Turkish Trip is a Sommer Adventure

Published: Jun 21, 2012
Sommer Kuhn ’13 observed dolphin-assisted therapy with the help of the Timothy M. Smith Inspiration Through Exploration Award.
Sommer Kuhn ’13 observed dolphin-assisted therapy with the help of the Timothy M. Smith Inspiration Through Exploration Award.
Kuhn said she enjoyed experiencing the blended European and Middle Eastern influences of the Turkish culture.
Kuhn said she enjoyed experiencing the blended European and Middle Eastern influences of the Turkish culture.
When Sommer Kuhn ’13 was a child, she traveled from Wisconsin with her family to Orlando’s Sea World. At the first sight of the dolphins, she was hooked.

“I fell in love with them,” said Kuhn, a marine biology major with a minor in psychology, who has since immersed herself in learning about the mammals. “I’ve come to really respect these amazing creatures.”

Kuhn was this year’s recipient of the Timothy M. Smith Inspiration Through Exploration Award, an annual grant given to stimulate international travel and writing among Honors Program students. The award was established to honor the life of Smith, a lawyer by trade, whose true passion was traveling the world.

Past recipients have taught English and cared for elephants in Sri Lanka, studied Spanish in Costa Rica and worked with researchers from the Pacific Whale Foundation in Australia. Kuhn went to Turkey.

She cast a wide net in search of facilities that offered dolphin-assisted therapy, an approach that integrates swimming with dolphins and one-on-one therapy.
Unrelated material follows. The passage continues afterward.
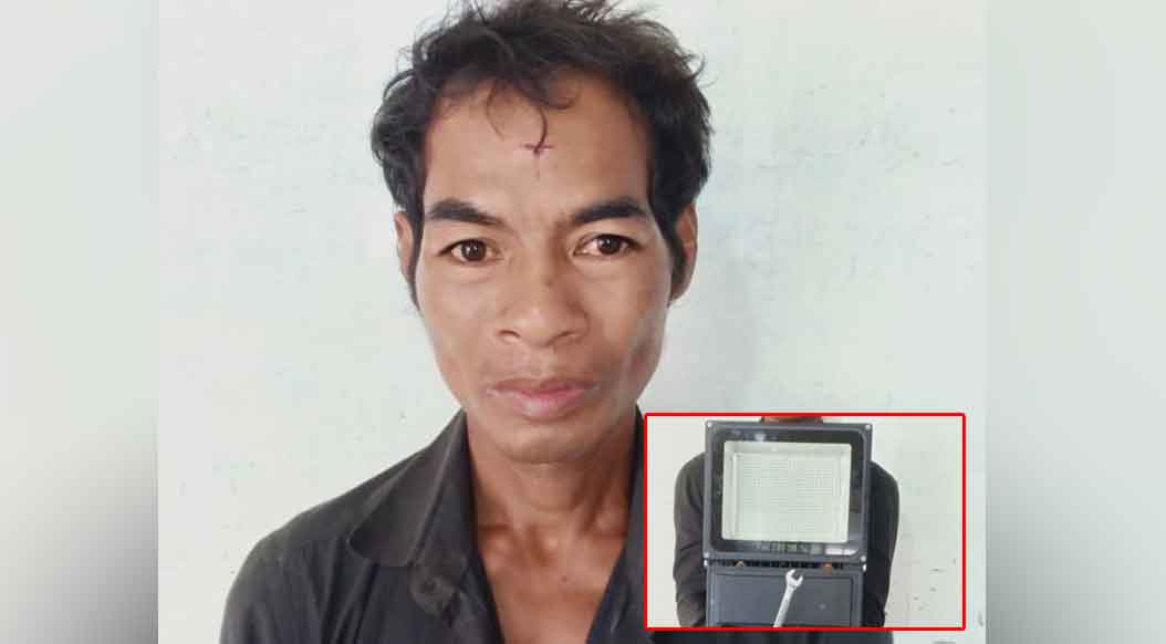 ជនសង្ស័យខាងលើ មានឈ្មោះឡុង សេនាលី ភេទប្រុស អាយុ៤៧ឆ្នាំ មុខរបរនិងលំនៅមិនពិតប្រាកដ។ វត្ថុតាងចាប់យកអំពូលភ្លើងហ្វា ម៉ាក IP66-200w ពណ៌ខ្មៅ ទំហំ២៥សង់ទីម៉ែត្រគុណនឹង ៣៥សង់ទីម៉ែត្រ មួយគ្រាប់។ កូនសោដោះលេខ១២ ម៉ាក THC មួយដើម។

She wanted to spend her two weeks observing how people with challenges like autism, cerebral palsy and even depression, respond with this type of therapy. She found Dolphinland in Antalya, Turkey, and spent May 13-28 in the water with dolphins and on land, exploring the blended European and Middle Eastern culture in Turkey.

“It’s not a super scientific therapy, but it opens the door to other therapies, aiding with things like socialization,” said Kuhn.

Her 16-year-old brother’s autism and a search for an alternative to traditional therapies is what piqued her interested in the method. While in Turkey, she observed a 7-year-old German girl who had come to Dolphinland with her family to give dolphin therapy a try. Kuhn was able to be in the water with the girl and observe her change over the course of two weeks.

“To be able to share in the experience with her – in her joy and laughter – was a whole different reaction than I had seen in her arrival,” said Kuhn. “Being able to have an opportunity like this also brings her family together again in a shared experience.”

Professor Gary Luter, Honors Program director, said students who receive the Timothy M. Smith Award gain new perspectives through cross-cultural experiences and expand their understanding of global diversity.

"Most significantly, they leave their personal comfort zone and risk the unfamiliar," said Luter. "This last idea is key to becoming a truly educated person."

Kuhn, who is interning at the Clearwater Marine Aquarium this summer, said she’d like to find a career that marries her passions for special needs children and dolphins, and this experience in Turkey helped confirm her direction.

“It was an amazing and scary and awesome experience all at the same time,” said Kuhn, who was caught off guard the first time she heard the melodic Muslim call to prayer, seeing the mountains and Mediterranean waters in Olympus and enjoying conversations with a diverse group of travelers she met along the way. “It was very enriching to experience the culture there.”